Paige Sutherland/NHPR
State and city officials gather in Manchester on Tuesday to announce new bill calling for state funding for drug courts.

State and city officials, standing alongside first responders, announced legislation Tuesday  that would provide state funding for drug courts across New Hampshire.

The bill aims to spend up to $2.5 million on existing and future drug courts over the next two years, with half a million dollars going to a new statewide drug court office.

Senate Majority Leader Jeb Bradley, who is sponsoring the bill, said at a press conference Tuesday that the rest of the cost will have to be picked up by the individual host county, but participation is voluntary.

The bill will be debated by the Legislature in January and, if passed, could free up funding as early as February. Bradley said he is confident this idea will receive bipartisanship support, including from the governor.

In a statement, Gov.
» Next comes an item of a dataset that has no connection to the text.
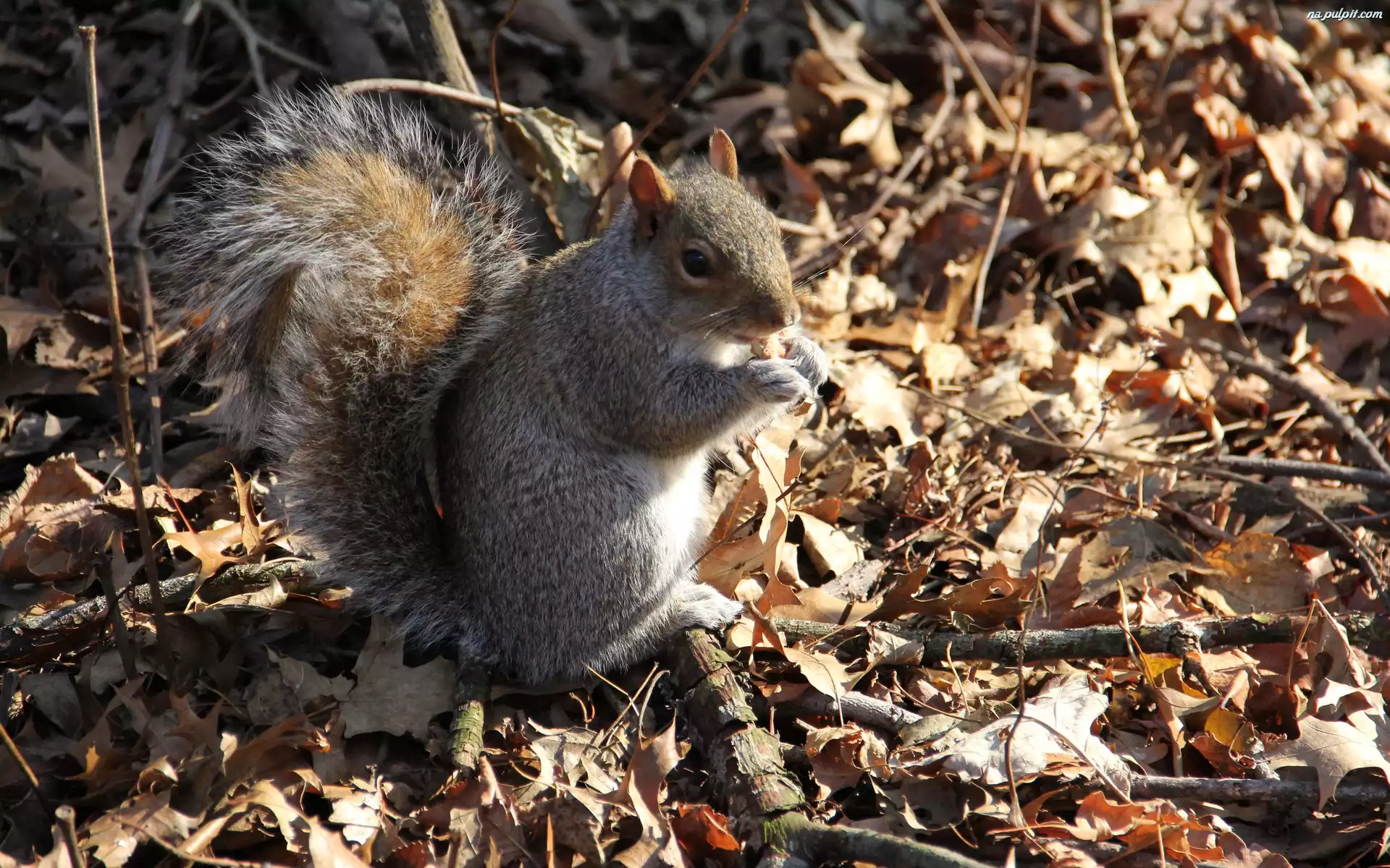 Wiewiórka, Gałęzie, Liście Na Pulpit

Maggie Hassan said, "I look forward to working with legislators from both parties and other stakeholders on this important effort to establish new drug courts."

Judge Kenneth Brown, who would preside over a drug court in Manchester if the funding is approved, said the drug court model works.

“If they graduate and we expect that they will, they are going to be returning to society as a productive member as opposed to someone who was a drain on our society,” Brown said, adding that drug courts lead to lower recidivism rates and cost savings.

So far there are drug courts in Nashua and in Cheshire, Grafton, Rockingham and Strafford Counties. The Hillsborough County Delegation in June rejected a plan to fully fund a drug court in Manchester.

Manchester Police Chief Nick Willard said drug courts save money. 

“If we save one life through drug court, that’s one life that the Manchester fire department and a firefighter is not saving; it's one less call for service or Narcan use that AMR  will have to use; it's one less call the Manchester Police Department is going to be taxed with,” Willard said.

Manchester Mayor Ted Gatsas said the city can’t wait any longer. 

"I look for speedy legislation in both the House and the Senate…because I will be calling,” Gatsas said.